The first thing to realize is that potential video content is all around you, every day. Every time an executive keynotes a conference, a product manager gives a briefing to the sales team, or a technologist gives a customer briefing, that’s potential content marketing fodder. Smart content marketers keep their antennae up, watching for opportunities to videotape these sessions for possible re-use. Even if you don’t use that exact presentation because it may be situation-specific, you can ask the presenter to recreate a more generic version for content marketing purposes.

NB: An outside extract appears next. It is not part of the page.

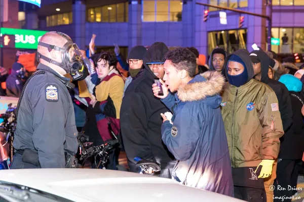 “There was no need for them to put on riot gear. There was no need for them to pepper spray us,” said Hana X Abdur Rahim. “A lot of Muslim and black children were there. We didn’t want to just leave them out there, because the high schoolers said this was their first time at a protest.”

Sure, some will run the other way if you mention you need help with a video — being recorded is the last thing that some folks want. Change your tack with the more timid types and just point out that you need their subject matter expertise. They’re sure to warm up over time and share their valuable knowledge in the form of existing slides, graphs, charts, etc. You can narrate the online video presentation for them, if they aren’t willing to appear on-camera. Once they see the finished video, they may come to you with their next great idea, ready and willing to make their video debut.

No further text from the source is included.